Он сидел у окна и смотрел на Литейный проспект, по которому шли люди и ехали пролетки. Мелкие копошащиеся фигурки напоминали ему муравьев в своем хаотическом и перепутанном движении. Нечто подобное он уже наблюдал с высоты Чифа под Мукденом, когда по отдельно стоящим домам или скоплению людей выверяли прицел артиллерийские расчеты.

Тяжело ухали далекие разрывы, и сразу весь человеческий вавилон приходил в движение. Равнина, расчерченная траншеями и рядами колючей проволоки, оказывалась под пристальным наблюдением десятков полевых биноклей, что метались с правого фланга на левый и обратно, выискивая огневые точки противника, замирали в руках, предвещая залп, после которого в воздухе надолго повисала клубящаяся, цвета отрубей пыль, сквозь которую неслись переломанные ветки и осколки камней.

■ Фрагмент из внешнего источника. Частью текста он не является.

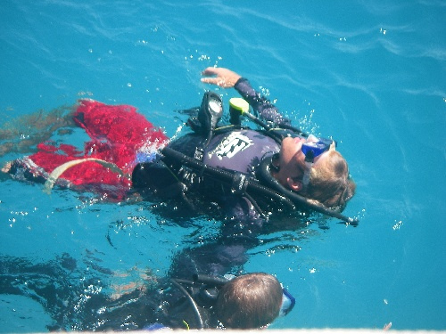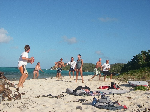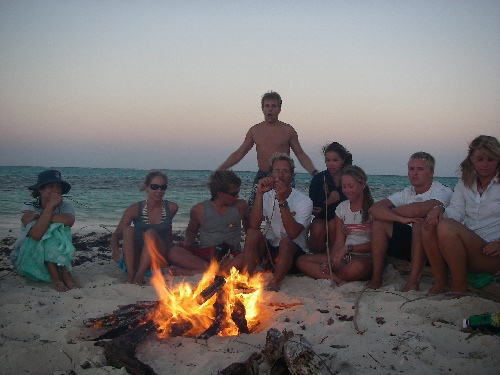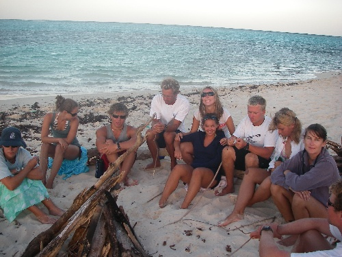 The crew of Ocean Star had a fun-filled day on Green Island in Antigua. After breakfast, we had rescue diver instruction. For lunch, we had sandwiches and relaxed in the sun for the rest of the afternoon. At around 4, the crew loaded up and dinghied to shore for our beach BBQ. On the beach, we had a competitive touch football match followed by a dinner of hamburgers and hotdogs. We fired up the bonfire, and everyone watched the sun go down while roasting marshmallows and making s’mores. Everyone had a great time.

Когда же пыль рассеивалась, то от воображаемого муравейника не оставалось и следа. Впрочем, довольно скоро на место панике приходили выверенные движения поредевших колонн, отошедших на заранее подготовленные позиции, а вспышки ответных выстрелов предвещали неизбежное контрнаступление.

Люди бежали, размахивая ружьями, на ходу стреляли, падали, вновь поднимались и устремлялись навстречу верной гибели.

Антон отходит от окна вглубь комнаты, и тогда Литейный затихает.

Выйти на улицу решился в начале мая на Антипасху.

Дыхание сырого холодного ветра несло запахи речной воды, угля, водорослей, наконец оживших после зимней спячки деревьев. Удивился и обрадовался, потому как думал, что отвык от них, хорошо зная теперь лишь зловоние тлеющего мусора, вонь давно не мытых человеческих тел, еще дух пороха ощущая повсеместно.

Сам не заметил, как дошел до Пантелеймоновской церкви, пересек Фонтанку и оказался в Летнем саду. Всю дорогу не поднимал головы, боясь поймать на себе сочувствующие взгляды, лишь смотрел себе под ноги, да косился на пустой правый рукав шинели, накинутой поверх гимнастерки.

В Летнем было пустынно, разве что мраморные изваяния как всегда водили свои хороводы по аллеям и дорожкам сада.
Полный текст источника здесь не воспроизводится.